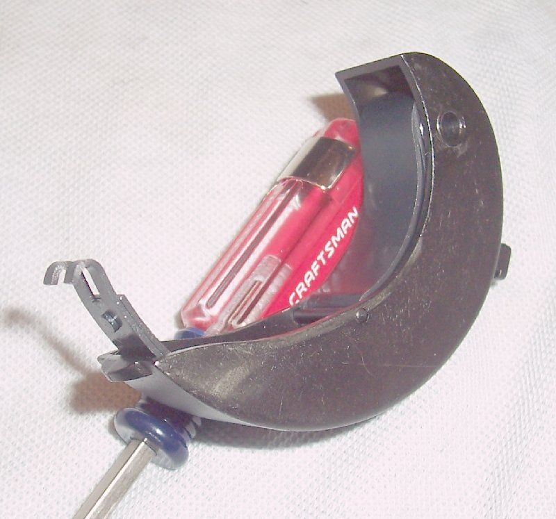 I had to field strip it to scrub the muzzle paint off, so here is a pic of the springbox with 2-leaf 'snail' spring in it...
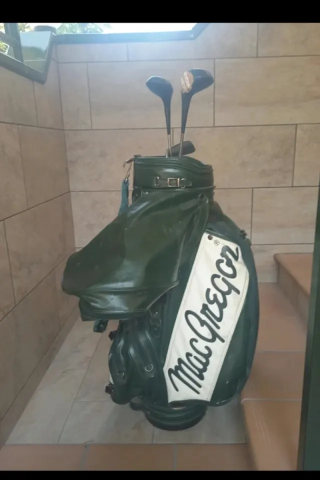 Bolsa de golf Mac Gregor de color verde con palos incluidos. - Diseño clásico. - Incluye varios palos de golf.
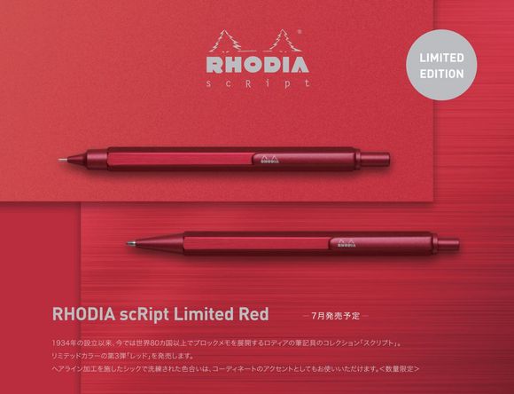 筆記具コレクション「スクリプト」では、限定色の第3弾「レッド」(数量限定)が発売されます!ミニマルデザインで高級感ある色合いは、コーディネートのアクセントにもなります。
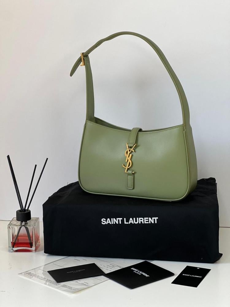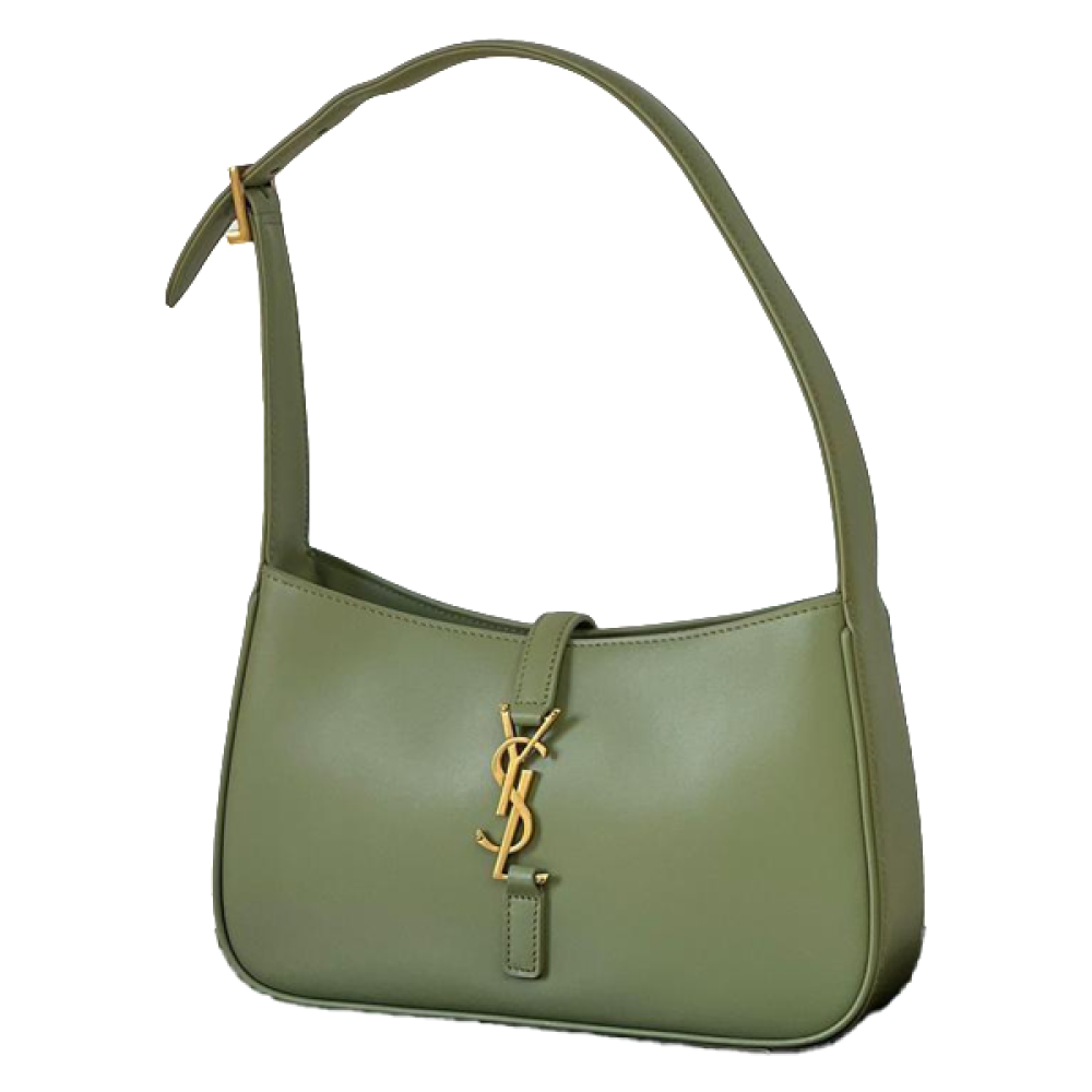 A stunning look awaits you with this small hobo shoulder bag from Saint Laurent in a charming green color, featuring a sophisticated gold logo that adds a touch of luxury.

---

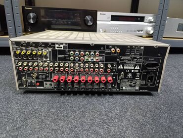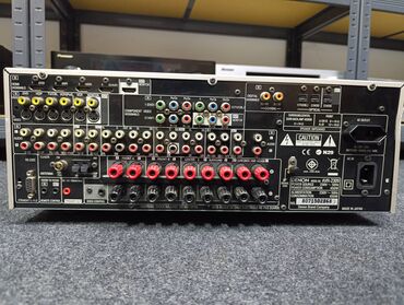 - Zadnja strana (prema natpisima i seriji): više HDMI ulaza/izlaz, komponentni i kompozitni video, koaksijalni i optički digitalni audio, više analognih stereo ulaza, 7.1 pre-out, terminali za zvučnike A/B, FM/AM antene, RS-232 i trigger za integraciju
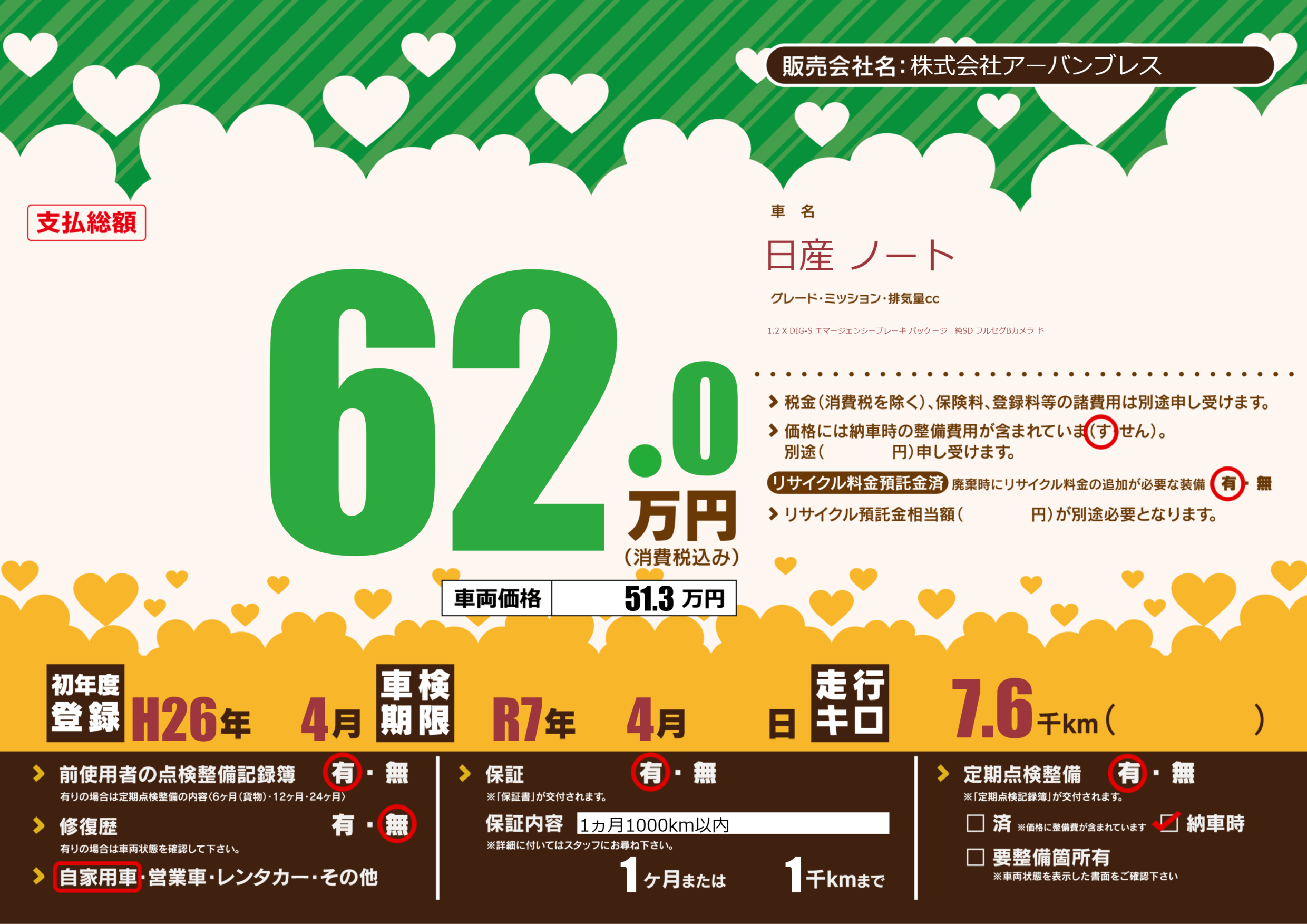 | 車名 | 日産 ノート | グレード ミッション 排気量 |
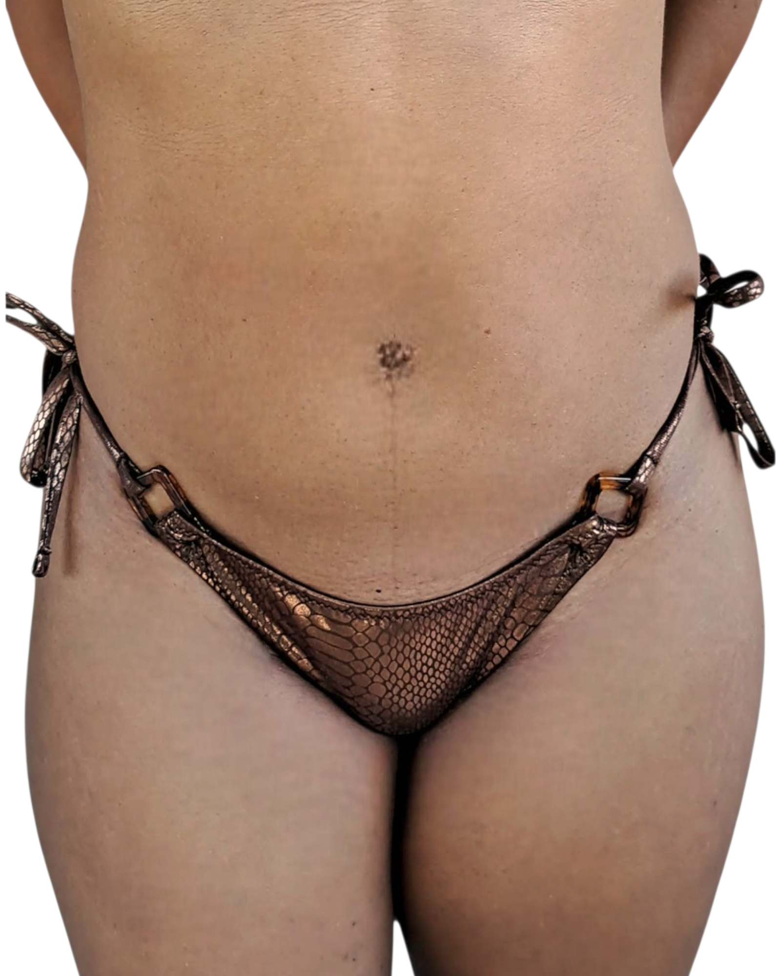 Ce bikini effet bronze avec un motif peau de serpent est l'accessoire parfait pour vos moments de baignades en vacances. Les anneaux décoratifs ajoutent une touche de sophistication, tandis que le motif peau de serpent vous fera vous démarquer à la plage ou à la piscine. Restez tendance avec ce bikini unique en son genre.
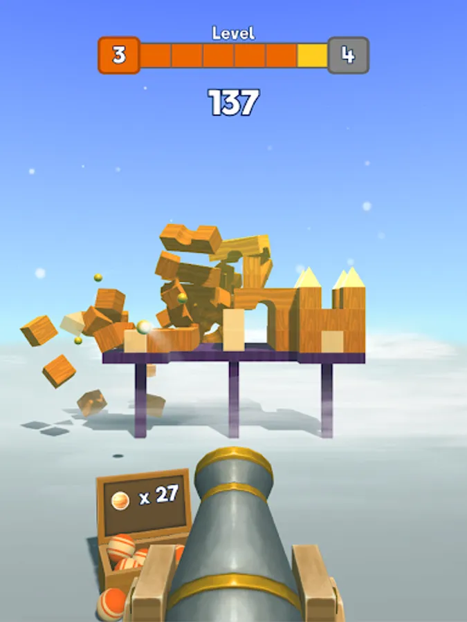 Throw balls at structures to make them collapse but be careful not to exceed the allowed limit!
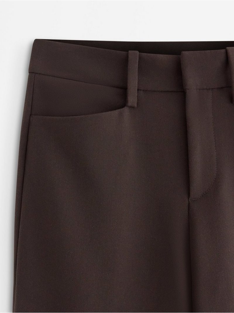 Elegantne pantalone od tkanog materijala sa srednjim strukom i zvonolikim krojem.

...

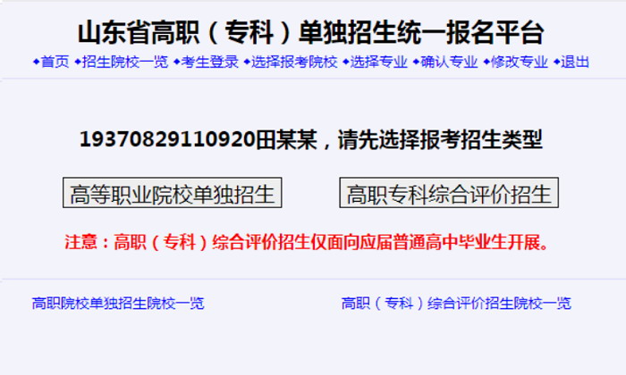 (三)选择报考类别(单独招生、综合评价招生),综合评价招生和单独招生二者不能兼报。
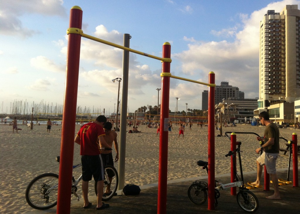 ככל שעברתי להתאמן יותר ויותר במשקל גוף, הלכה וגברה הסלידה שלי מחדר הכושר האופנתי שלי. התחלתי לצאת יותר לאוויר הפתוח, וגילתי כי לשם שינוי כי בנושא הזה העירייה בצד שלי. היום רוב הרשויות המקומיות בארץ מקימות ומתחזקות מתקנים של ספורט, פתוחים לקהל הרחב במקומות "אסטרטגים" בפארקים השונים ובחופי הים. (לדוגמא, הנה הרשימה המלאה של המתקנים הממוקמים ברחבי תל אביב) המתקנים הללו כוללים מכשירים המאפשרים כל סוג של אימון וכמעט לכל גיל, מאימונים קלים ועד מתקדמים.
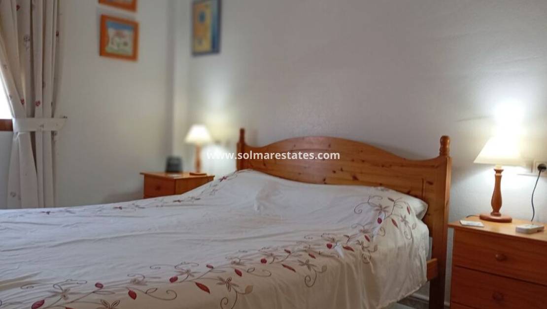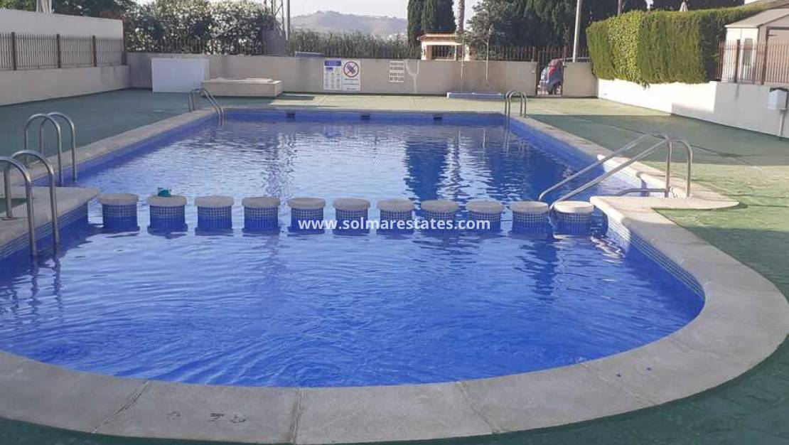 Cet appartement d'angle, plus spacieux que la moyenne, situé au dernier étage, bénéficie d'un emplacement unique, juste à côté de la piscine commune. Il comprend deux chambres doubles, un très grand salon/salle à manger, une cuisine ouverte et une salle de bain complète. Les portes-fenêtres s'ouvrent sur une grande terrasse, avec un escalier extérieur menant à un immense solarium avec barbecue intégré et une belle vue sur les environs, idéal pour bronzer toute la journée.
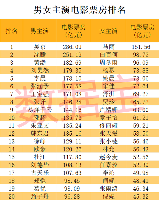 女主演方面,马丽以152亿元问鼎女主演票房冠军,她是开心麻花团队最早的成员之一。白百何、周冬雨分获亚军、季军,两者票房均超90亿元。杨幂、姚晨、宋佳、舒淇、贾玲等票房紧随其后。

*Task requirements:* Copy only what lies between the line with "I had to field" and the line with "Bolsa de golf", those two lines included, exactly as given above; pictures stay out.

*Written answer:*
 I had to field strip it to scrub the muzzle paint off, so here is a pic of the springbox with 2-leaf 'snail' spring in it...
 Bolsa de golf Mac Gregor de color verde con palos incluidos. - Diseño clásico. - Incluye varios palos de golf.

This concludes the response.